*Requirement*.
The material below holds the lines to copy: from the one with "2014.7.5 yongtae@yna.co.kr |" up to and including the one with "甘肃省武威市凉州区2024-2025学年第一学期期中质量检测卷地理". Copy them exactly and skip the pictures.

*Records provided*.

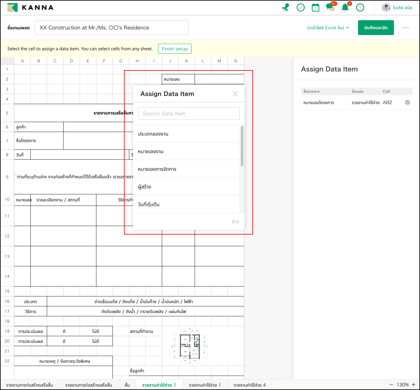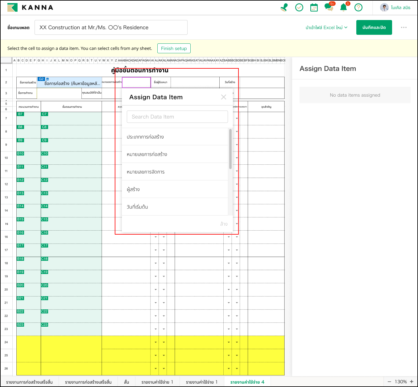 เซลล์ที่ได้รับการกำหนด Data item แล้ว สามารถดูได้ในรูปแบบรายการจากแถบด้านขวาของหน้าจอ
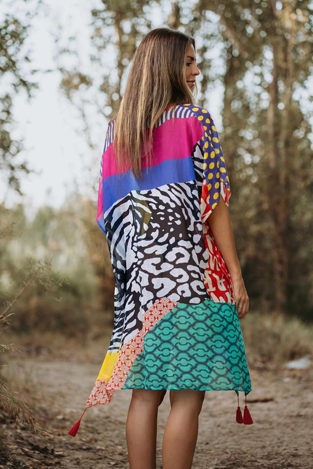 Đầm Boho Dài Tay Isla Bonita, chất lụa cao cấp, mềm mại, thun co giãn ở eo. Phom suông xòe rộng. Dài đầm 90cm (45x90) Phù hợp đi biển, dạo phố, công sở, hoặc dự
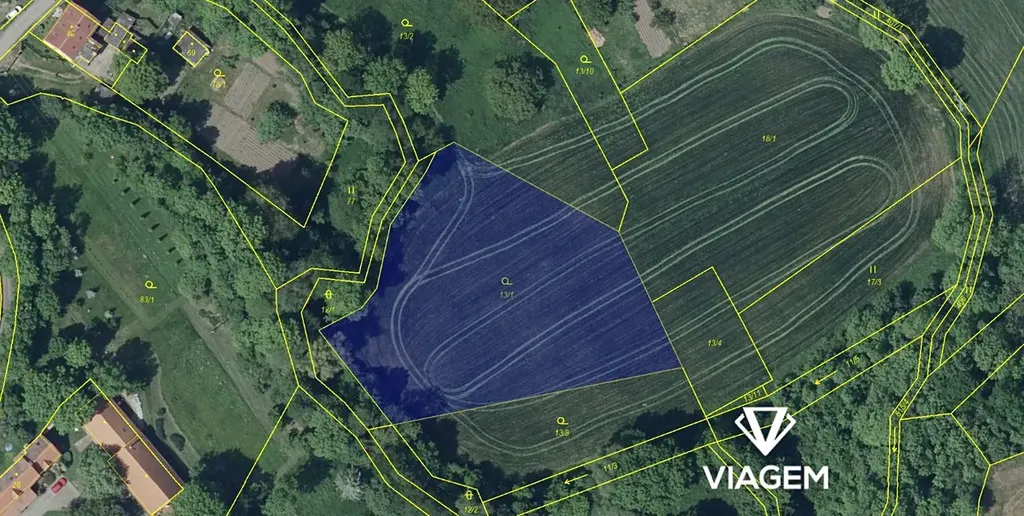 - Parcelní číslo 13/1 (3680 m², 100% podíl, LV 1147)
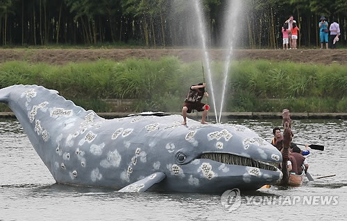 | △ '고래 잡은 사나이' (울산=연합뉴스) 김용태 기자 = 5일 오후 울산 남구 태화강에서 열린 '2014 울산고래축제'에서 선사고래잡이가 재연되고 있다. 2014.7.5 yongtae@yna.co.kr |
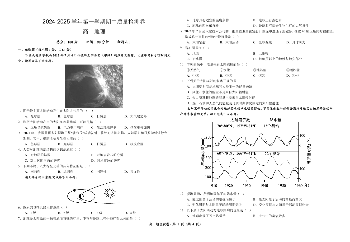 甘肃省武威市凉州区2024-2025学年第一学期期中质量检测卷地理
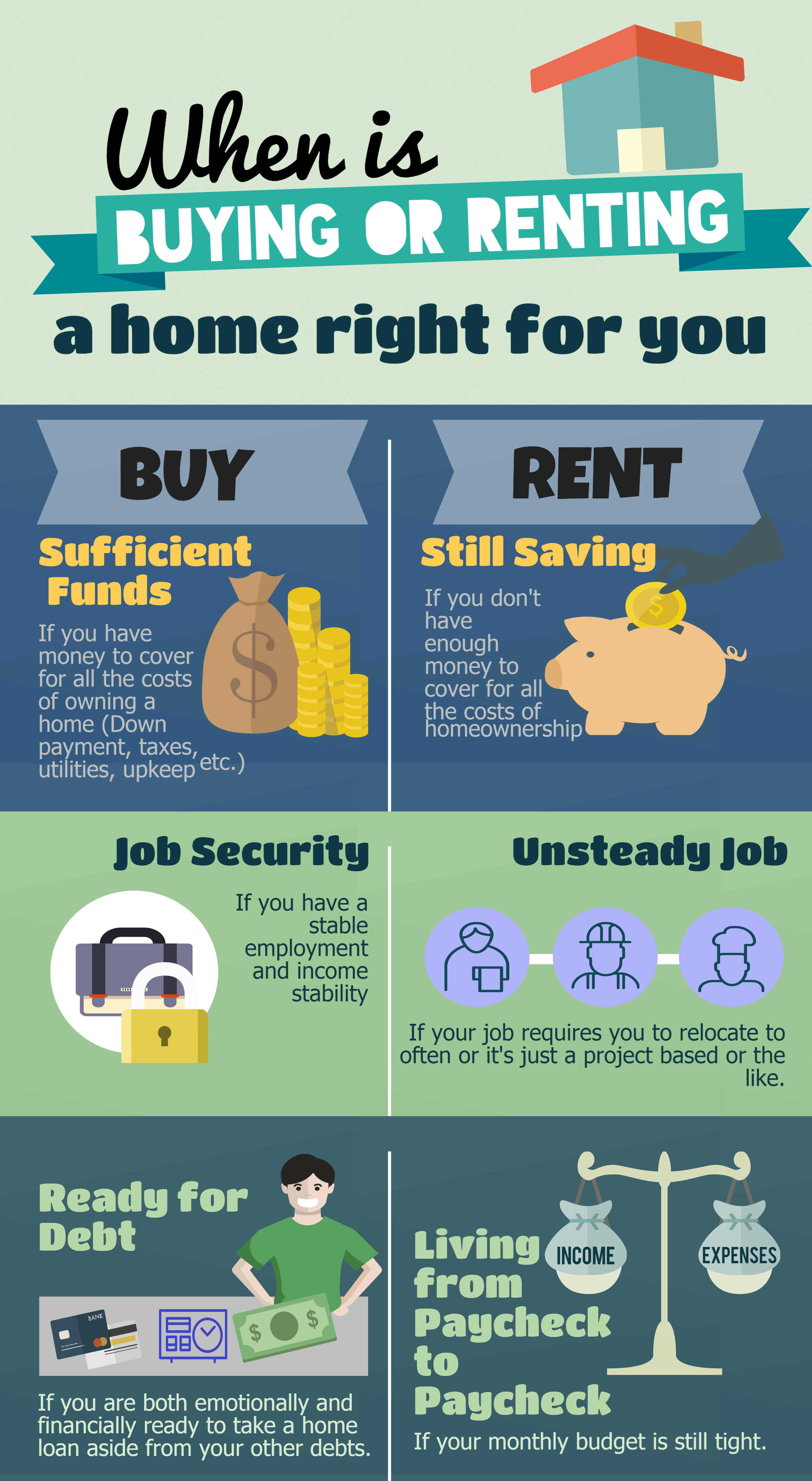 Should you buy or rent? It's a big decision and there are pros and cons to each option. Buying a home is one of the biggest financial purchases you will ever make in your life and it is only natural to carefully consider your situation before deciding whether to rent or buy a home.To answer the question, whether buying or renting a home is better for you, you have to look at your situation. Take a look at the infographic below:
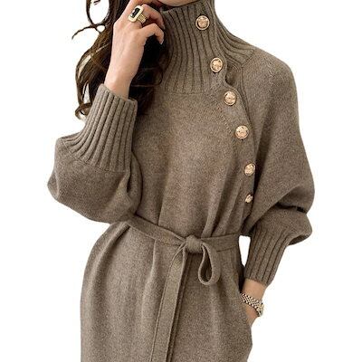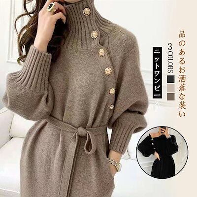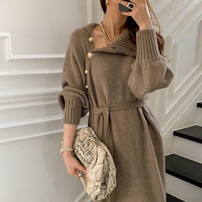 3色 秋冬 新作 おしゃれ 厚手 ニットワンピース レディースワンピース 気質 高級感 ハイネック セーター ロングワンピース 韓国ファッション
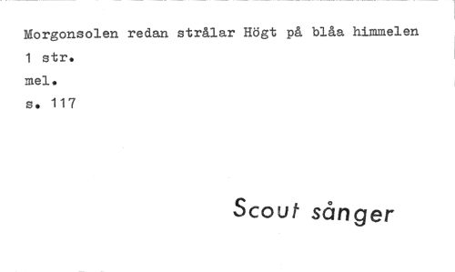 //// Morgonsolen redan strålar Högt på blåa himmelen //// 1 str. mel. //// s. 117 //// Scout sånger ////
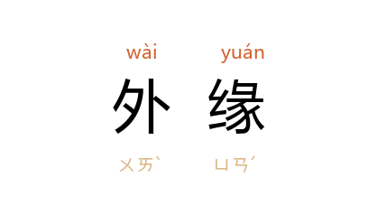 ⒈ 佛教用语:(1) 谓外在条件。南朝梁·真谛译〈大乘起信论〉:「若虽有外缘之力,而内净法未有熏习力者亦不能究竟厌生死苦乐求涅槃。」(2) 谓世俗的利益。唐·白居易〈朝归书寄元八〉诗:「自此聊以适,外缘不能干。」

*Output of the exercise*.
 | △ '고래 잡은 사나이' (울산=연합뉴스) 김용태 기자 = 5일 오후 울산 남구 태화강에서 열린 '2014 울산고래축제'에서 선사고래잡이가 재연되고 있다. 2014.7.5 yongtae@yna.co.kr |
 甘肃省武威市凉州区2024-2025学年第一学期期中质量检测卷地理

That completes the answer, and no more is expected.